Some of the most dramatic images we have of Mother Teresa reveal a saint who reached out to those truly on society’s fringes in Calcutta – the suffering and destitute. Here was a woman who brought Christ’s love and mercy into the lives of those the world seemed to abandon, transforming lives marred by fear and anguish through disease and extreme poverty.

In seeking to understand the awesome and life-giving reality that is Good Friday – this group of people I have been describing are a very good place to start. For no distant God of ideas or mere rules could speak meaningfully of life, hope and love to those who suffer. Only a God who himself tasted the bitter word and stigma of public shame and rejection could hope to touch the minds and hearts of those who have themsevles suffered so. This is where we begin to glimpse the essence of what Good Friday is – A day when Christ himself entered into the extremes of suffering and death. A day, when God assured us that His love and mercy knows no limits, no boundaries, but rather, seeks to reach out and save a suffering humanity even amidst the very depths of pain or sin.
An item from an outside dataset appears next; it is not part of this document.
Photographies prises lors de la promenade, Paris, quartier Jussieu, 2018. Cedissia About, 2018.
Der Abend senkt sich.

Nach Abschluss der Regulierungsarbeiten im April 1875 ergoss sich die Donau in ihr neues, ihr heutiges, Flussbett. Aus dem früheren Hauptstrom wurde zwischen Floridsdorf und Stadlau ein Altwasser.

The great Swiss theologian Von Balthasar wonderfully saw in the Cross, an act of love so great, it is beyond anything humanity could ever have imagined. This was the work of a God who – out of love – had already sent his only Son, at the Incarnation, all the way into the depths of our humanity. Jesus’s own earthly life speaks to us of a divine love which sought always to reach out into the depths of human existence, most especially towards those on the fringes. For Jesus searched out the God-forsaken.

A Friend of Tax-collectors and sinners, Jesus’ response to the pride and righteousness of the Pharisees in Luke’s Gospel, gives us a vivid insight into His mission of love and redemption – for he tells us that he comes “for those in need of a physician – sinners in need of repentance.” The lost, the sick, the suffering – it is such people that Jesus found, healed and restored.
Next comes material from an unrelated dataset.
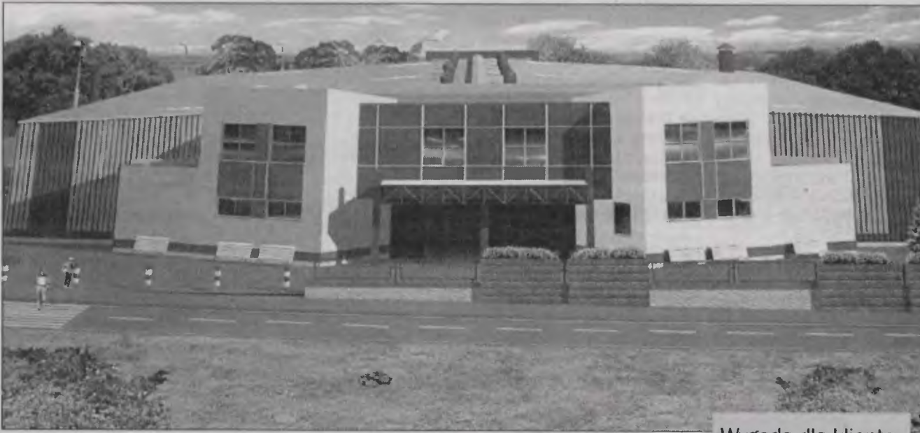
Projekt nowej hali targowej wygląda imponująco.

Jaworzniccy kupcy zapłacą 5 mln zł, by przy ulicy Mostowej w centrum miasta powstała nowoczesna hala targowa. Przedsięwzięcie zjednoczyło w działaniu wszystkie związki kupieckie. Rozpoczęła się już budowa pawilonu, w którym pracę znajdzie 70 osób.

So why did Jesus, God-made-man, seek out the fringes, and those in the extremes of sin and suffering? Our lives show us that both sin and suffering are inevitable human realities – for the atheist as much as for the saint. We can surely recognise the meaningfulness of a suffering God for those who themselves physically suffer. In reality, however, it is sin which makes us suffer most – it is sin alone which possesses the power to push any of us to the true fringes of existence.

For in wilfully turning away from our true good – that is, following Christ and His example, we ourselves bear a stigma that burdens the heart and mind. It is sin which darkens our own horizons, diminishing us far more than any poverty or physical disease ever could. Our goal, our earthly journey towards Truth, Goodness, Beauty and love itself, is blocked and ends in death, only through sin. The great mystery of God’s redemption, however, is that, it is the utter tragedy of such sin, man’s felix culpa, which drew down, our divine physician.
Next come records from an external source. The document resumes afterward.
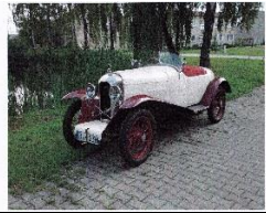
Amilcar CGS Duval 1925 DE - N° 009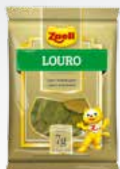
Louro Laurel Bay Leaves SAP: 100091 | 20x7g DUN 14: 1 789618390102 5 EAN 13: 7 89618390102 8 NCM: 0910.99.00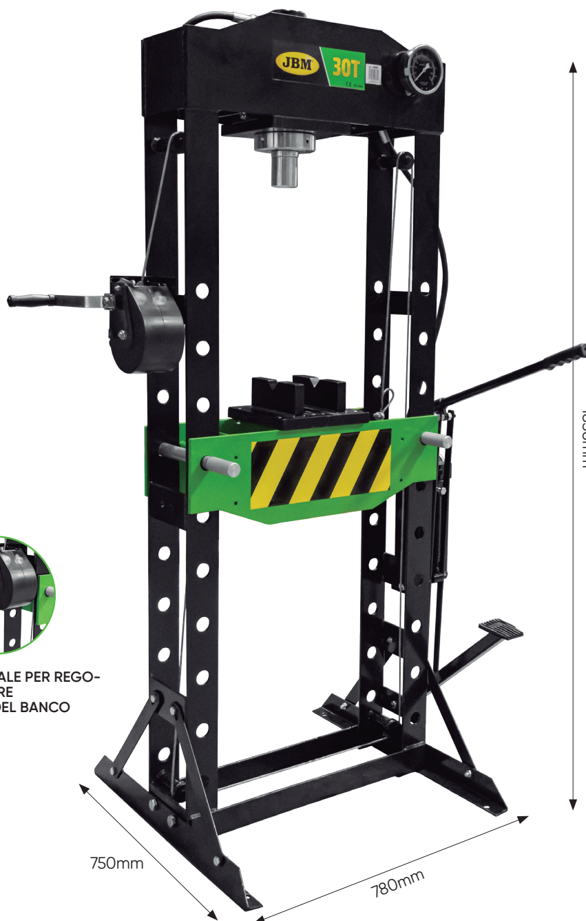
MANUALE E A PEDALE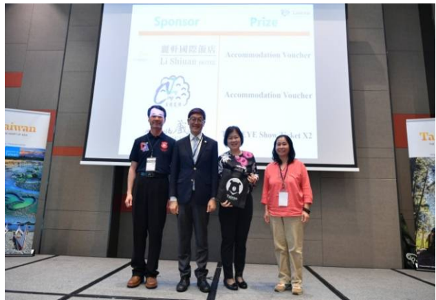
新加坡辦事處主任頒抽中農場住宿券獎同業

This is what brings us back to that First Good-Friday. For on that day, we saw most clearly, upon the Cross, and in that passion evoked so eloquently by the Prophet Isaiah, the unimaginable depths that God’s love will descend to in order to reach the sinner. In the extremities of evil, sin and death which Christ embraced and conquered on that day, we truly witness the value even the lowliest sinner possesses in God’s eyes. For it is the immensity of God’s love, mercy and forgiveness for each and every one of us, that drew Christ to the Cross that fateful day.

The most awesome reality this Good Friday, and indeed every day, is that such love and forgiveness -the full power of Christ Himself is still flowing, through that Church He instigated. The forgiveness and promise of paradise, offered to the repentant thief, in those final moments upon the Cross, is ours now- active with no less force- in the boundless mercy of Confession.

That divine Body – love, truth and goodness itself – given freely upon the Cross, is still offered each day for us- upon the Eucharistic altar. So we see that passion, that divine love displayed so vividly on that First Good Friday endures for each of us to this day. That is why Good Friday remains forever so, very, very Good.